Efficient Algorithm for Computing the Total Order of a Permutation

Published in

MIT 6.s089 — Intro to Quantum Computing

6 min readFeb 5, 2023

It has already been demonstrated many times that quantum computation can solve many tasks more efficiently than classical computation. One of the most known cases is Shor’s algorithm, which, assuming a perfect quantum computer, can be used to factorize a positive integer with a high probability of success within the time complexity of polynomial in input size [2].

At the core of Shor’s algorithm is a subroutine for finding the order of a member x of a set S in a permutation f on S; that is, the least positive integer k such that fᵏ(x) = x. In the original paper, this is used to find the order of b in modulo N, where N is the input and b is a random integer relatively prime to N. This can be done by viewing f(x) ≡ bx (mod N) as a permutation of {m | 0 ≤ m < N, (m,N) = 1}.

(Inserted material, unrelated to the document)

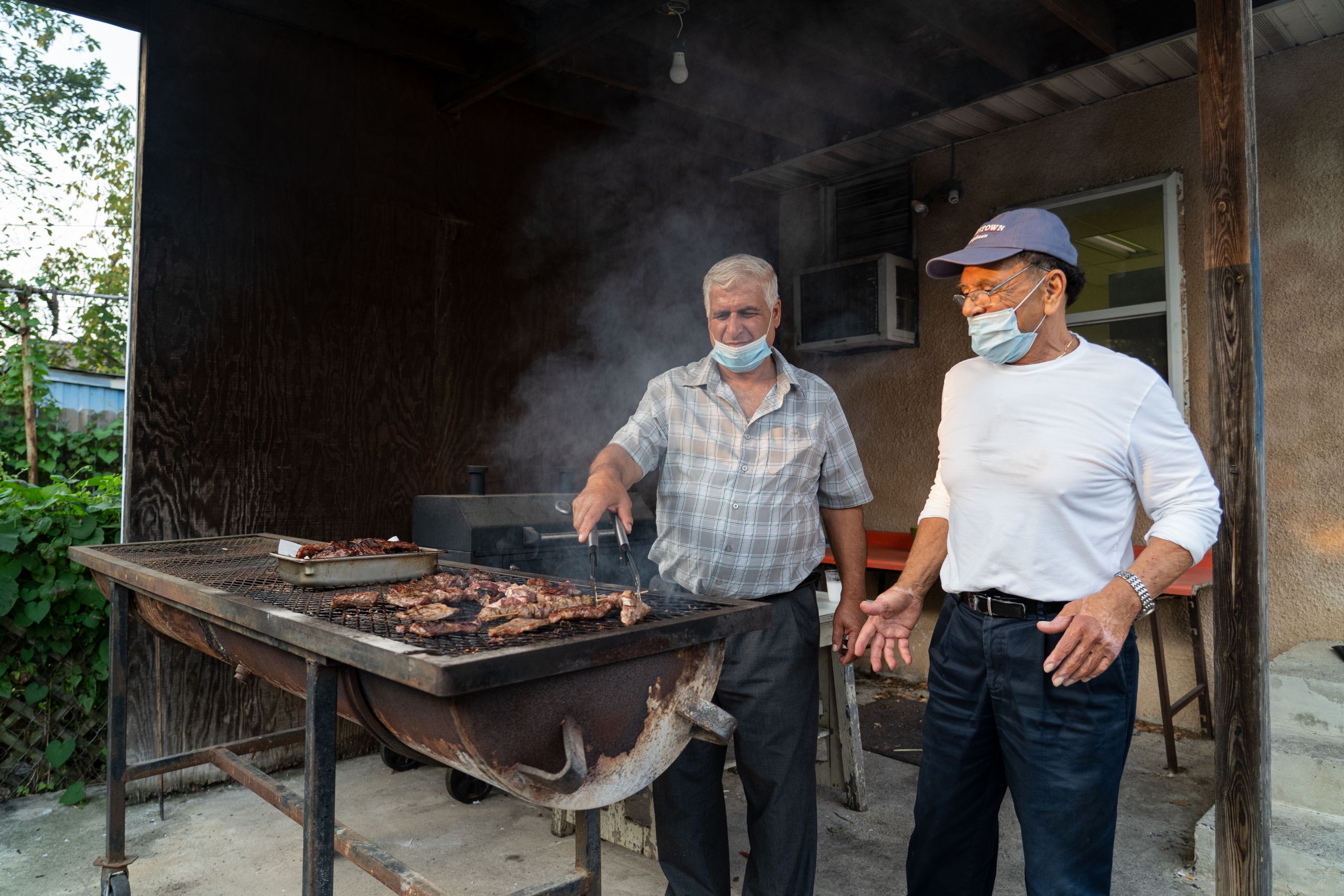The 78-year-old Syrian American, keeps a watchful eye over the skirt steaks and lamb kebabs he’s grilling for fellow members of the Syrian Arab American Charity Association.
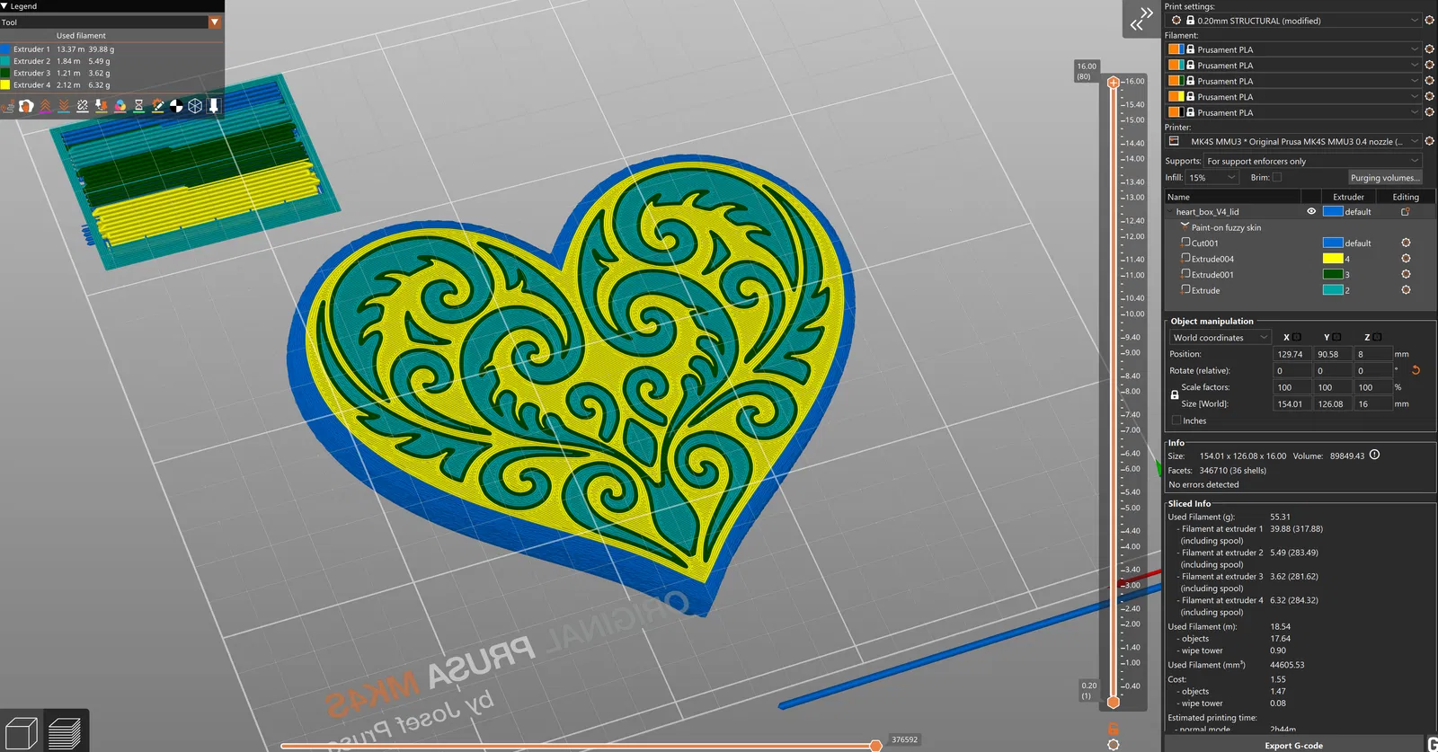 File dự án PrusaSlicer trong mục files được thiết lập cho MK4 với MMU3. Bạn chỉ cần gán màu tương ứng trong slicer. Tất nhiên, file project này cũng có thể dùng cho các cấu hình và slicer khác (ví dụ Orca Slicer). Mình có thêm fuzzy skin cho các vách ngoài (painted).

In this article, we will consider a question closely related to the order-finding problem, which can be formulated as follow:

The Problem Statement

Given a permutation f of [N], the set of nonnegative integers from 0 to N-1, find the least positive integer k such that fᵏ(x) = x for all x in [N]. (We will call such number k the ‘total order’ of f.)

Original Algorithm

First, let’s talk about the rough idea behind the original subroutine.

The circuit consists of two registers: one for iteration numbers (which will be explained later) and one for holding the value of fʲ(x) for some j. At the start, the first register is initialized to the tensor product of p ≈ 2log N + 1 plus states:

The second register is initialized to an n = log N qubits state representing ∣x⟩.

Now, as f is bijective, the operator U_f which sends the state ∣x⟩ to the state ∣f(x)⟩ for all x ∈ [N] can be shown to be unitary, and therefore is a valid gate for a quantum circuit.

For each i ∈ {1,2,…,p}, we will put in a controlled gate that will apply U_f to the second register 2^(i-1) times if the i-th qubit of the first register is ∣1⟩. (Here, the first qubit corresponds to the unit digit.) For example, if the first register has state ∣110⟩ = ∣6⟩, then since the second and third (counted from the unit digit qubit) are ∣1⟩, the unitaries U_f are applied to the second register 2² + 2¹ = 6 times. Notice that the number of times U_f is applied (2² + 2¹) is exactly the same as the state number. This is especially clear if we look at the binary representation of the state.

The circuit for the order-finding subroutine. Here, he topmost qubit is the last one of. the first register. (From https://en.wikipedia.org/wiki/Shor%27s_algorithm.)

In general, if the first register is ∣m⟩, then U_f will be applied to the second register m times, which will become ∣fᵐ(x)⟩. As the first register starts as a superposition, the result after applying controlled gates will be

Here’s the catch: since fᵏ(x)=x, we also get that fᵇ(x)=fᶜ(x) if and only if b and c are equal modulo k. Thus, the states in the first register which are different in modulo k will not be able to interfere with each other.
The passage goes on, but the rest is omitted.